Joyce 'Tilly' Mitchell's Life In Prison Was Worse Than We Thought

It was a hard knock life for Joyce "Tilly" Mitchell as she spent nearly five years behind bars, an inevitable twist of fate for someone who was found guilty of helping two men escape from the Clinton Correctional Facility in Dannemora, New York, in 2015. And while much attention has been put on the lengths to which Mitchell went to help prisoners David Sweat and Richard Matt escape, Mitchell's life behind bars appears to have been almost as difficult as their attention-grabbing jail break. Shortly after her arrest, Mitchell's attorney, Stephen Johnston, spoke to People, saying, "She is under enormous pressure." Johnston later told People that Mitchell resorted to relying on her faith to get her through the difficult times. "She tells me that she spends much of her time reading the bible and praying," he said.

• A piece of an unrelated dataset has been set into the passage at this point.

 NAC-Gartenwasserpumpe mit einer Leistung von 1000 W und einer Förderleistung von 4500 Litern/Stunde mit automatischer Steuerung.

Mitchell spoke to the New York Post in 2018 about the lonely life that she lived while serving time at Bedford Hills Correctional Facility in Westchester. She said, "I cry every day, because I'm in here alone without my family, and I put them through all of this." She spoke through tears as she added, "My granddaughter is 4 years old now. I have only seen her once in three years." 

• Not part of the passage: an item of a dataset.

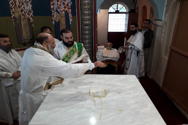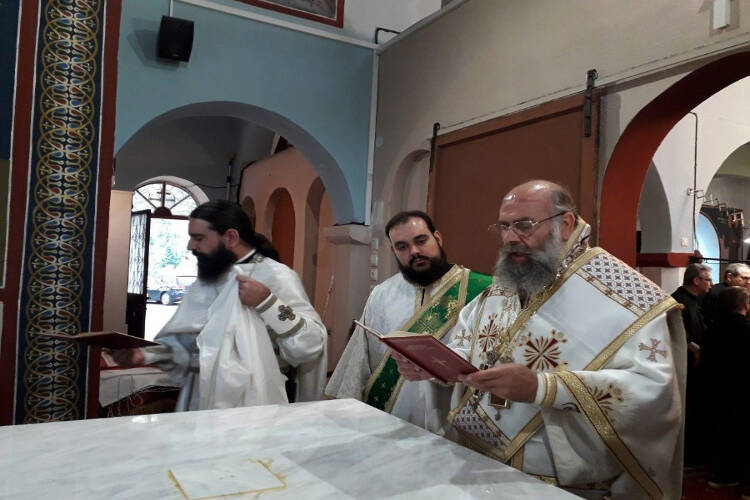 Ενώ, το Σάββατο 21 Σεπτεμβρίου, χοροστάτησε στην ακολουθία του Όρθρου, τέλεσε την ακολουθία των Εγκαινίων και τη Θεία Λειτουργία.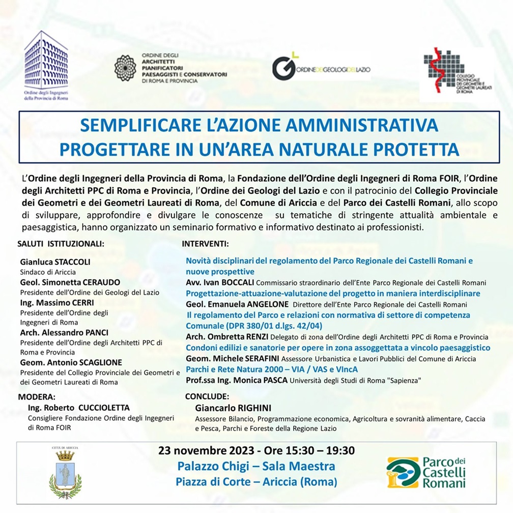 Giovedì 23 novembre dalle ore 15:30 alle 19:30, si svolgerà presso la Sala Maestra di Palazzo Chigi ad Ariccia (RM), il seminario formativo e informativo "Semplificare l'azione amministrativa - progettare in nun'area naturale protetta", organizzato dall'Ordine degli Ingegneri della Provincia di Roma e la Fondazione dell’Ordine degli Ingegneri di Roma FOIR, in collaborazione con l’Ordine degli Architetti PPC di Roma e Provincia, con l’Ordine dei Geologi del Lazio, con il patrocinio e la partecipazione del Parco regionale dei Castelli Romani.

Mitchell went on to say that she hardly ever left her prison cell and claimed to never have ventured out into the prison yard for a breath of fresh air. "The state hates me," she offered as an explanation for why she was so fearful, adding that she believed she might be framed for doing something wrong. She also was deemed an "escape risk" and was withheld from doing yard work or being a teaching assistant. "They say I can't work in the nursery, because I'm a high media profile," she said of another job she would have liked to do that her unique circumstances precluded her from.

The daughter of one of the escaped prisoners visited Mitchell

To add to Joyce "Tilly" Mitchell's grief, she was also visited by Jamie Scalise, the daughter of Richard Matt, who, according to the New York Post, came to visit Mitchell in prison in order to find some closure after her father's death. Mitchell was seduced by both Matt and David Sweat and helped them escape, with Sweat being captured alive while Matt was shot and killed by police after 21 days of a manhunt that spanned the state of New York. To have Matt's daughter visit Mitchell in prison was another ironic twist, as the daughter had previously communicated with her imprisoned father through Mitchell when she was an employee at the Clinton Correctional Facility.

At first, when Matt's daughter came to visit, Mitchell could not recognize her, telling the New York Post that the daughter had to ask, "Do you know who I am?" But Mitchell soon realized her visitor was Matt's daughter, saying, "She looks just like him. Their eyes are the same." 

However, Mitchell did not spare too much sympathy when Matt's daughter asked what her father was like in the lead-up to the escape that ultimately led to his death, not mincing words as she simply said, "Controlling." Still, the guilt from helping Matt escape weighed heavily on Mitchell, who told the New York Post, "If it wasn't for me, her dad would still be alive."

Mitchell sympathized with another inmate

While prison life may have been tough for Joyce "Tilly" Mitchell, she did find one fellow inmate who she related to, and that was Pamela Smart. Smart was serving a life sentence at Bedford Hills for the 1990 murder of her husband Greggory Smart, whose case shared a similar seduction element to Joyce's, with Smart having seduced a 15-year-old to help her kill her husband. Joyce told the New York Post that she sympathized with Smart, saying, "Nobody believes her either," referencing Smart's defense that she did not want her husband dead. Joyce has said is the truth about her and her husband's marriage as well, with the plot to kill both women's marital counterparts allegedly being the sole decision of their accomplices.

In Joyce's case, Richard Matt and David Sweat claimed she was the one who wanted her husband, Lyle Mitchell, dead. But Joyce told the New York Post, "Sweat [was] the one who gave my husband that nickname, 'the glitch,'" (seemingly a nickname that implied that he had to go) and was upset people believed that the idea to kill Lyle originated from her. It looks like Lyle may have believed her, because Joyce told the New York Post in 2018, "[Lyle] comes to visit me every two weeks." He was there when she was released too, with the New York Post spotting the two together when Joyce was released from prison and went home in February 2020, where the Mitchells' life today mostly remains out of the public's eye.